I have not yet gone for a ride on the Roue de Paris, the 200-ft high Ferris wheel on the Place de la Concorde, but I have taken its picture. Not to be confused with the Grande Roue, which was erected in Paris for the 1900 Exposition Universelle and stood for 20 years, the Roue de Paris went up for the millennium celebration in 2000 and seems to be here to stay. I had a look at it this morning, running down the Champs-Elysées on the homeward leg of a seven-mile run on my 31st day in Paris.
On Sundays the road along the Seine is closed to cars, and I started down it, heading west toward the Eiffel Tower, then across the Pont d’Iena, planning to sneak up on the Arc de Triomphe by one of the 12 streets that converge on it. It was my first crossing of the bridge between the Eiffel Tower and the Palais de Chaillot, and it was free of the thronging tourists who would soon arrive.
Reaching the top of the steps near the Trocadéro Métro station, I passed between the eight golden statues that stand facing each other, four on each side, officially welcoming me to the 16th arrondissement. After a few zigs and zags I ended up on Rue de la Pompe, running past a pub called Honest Lawyer. Rue de la Pompe dead-ends at Avenue Foch, the wide and well-heeled street that runs between the Bois de Boulogne and the Arc de Triomphe. I hung a right and came up the hill, happy not to have missed my planned inspection of the famous Arc, commissioned by Napoleon in 1806 as a slap on his own back for the great job he was doing watering the fields of Europe with the blood of soldiers both French and foreign.

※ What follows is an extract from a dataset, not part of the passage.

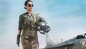 From the word go, the teaser dives into the slow build up of action and it opens with a long shot of an aircraft hangar with its gates slowly sliding open as an Indian Air Force aircraft makes its way out. It then cuts to a shot of Kangana in silhouette inside a locker room taking out her dog tag chain and wearing it, The viewers then get to see her titular character’s name on her uniform, Tejas Gill. The shot is then intercut with that of the aircraft taxiing out of the hangar.

After taking the Place Charles de Gaulle side of the circle around the Arc, I turned down the Avenue des Champs-Elysées, passing an arcade called Publicis Drugstore, which houses several businesses, none of which is a pharmacy.
Ordering a sandwich, something I do as least once a day, can be a great opportunity to learn a few new words of French. Walking back from a meeting around lunchtime last Friday I ducked into a tiny sandwich shop on a side street between Quai Voltaire and Blvd St-Germain. I bent down to inspect the various sandwiches piled in the glass case and then met the penetrating gaze and raised eyebrows of the Sandwich Man. Loudly confident and hungry, I placed my order.
“Un club thon!” I said, forgetting that thon means tuna.
“Chaud?” The Sandwich Man asked convincingly.
“Pourquoi pas.” I fired back, sounding even hungrier than before.
So I ended up with a hot tuna sandwich, which was quite good, but not exactly what I had in mind.
Three days after arriving in Paris I left, taking the Eurostar to London to spend Christmas with friends. I was sitting in the waiting area at the Gare du Nord when an announcement came over the public address system. First in French and then in English, a female voice belabored a forlorn and captive audience:
“This is a security announcement. A pink bag of chocolates and candies has been left unaccompanied at the UK Customs desk. If is it not claimed immediately by its owner it will be destroyed by security personnel.”
I was deflated by this news, gathering that Paris suffers from the same over-securitization that has a hold on the United States like Br’er Rabbit grappling with the Tar Baby. I pictured a couple of under-appreciated gendarmes waiting an obligatory five minutes, then tearing into a kilo of fancy Parisian chocolates and stuffing peppermint sticks into their pockets for later. I was jerked from my malaise by the blur of an octogenarian Asian woman sprinting toward the Customs desk to rescue her stocking stuffers from the cops.
Paris does Christmas well. Strings of white lights are everywhere, Christmas trees stand in front of public buildings, and fake snow is spray-painted on the windows of shops and cafés across the city, yet somehow Paris does not succumb to the kitsch of other cities decorated for the holidays. In spite of all the window dressing, the city isn’t trying to look good, she just does. Like a woman I saw yesterday in the Rue Mouffetard. She was walking toward me in the middle of the street, slamming her stiletto-heeled boots into the ground with each step, her hair bouncing, her head and shoulders motionless, a thousand-yard stare glazing her dark brown eyes. She was wearing little black shorts over black tights and a black leather jacket made top-heavy by a huge fur collar that I hoped was real. This Parisian goddess, announcing herself like a Clydesdale on a cobbled street, was probably just running out from her job at the bank to grab un club thon. This is the beauty of Paris, or one of them, anyway.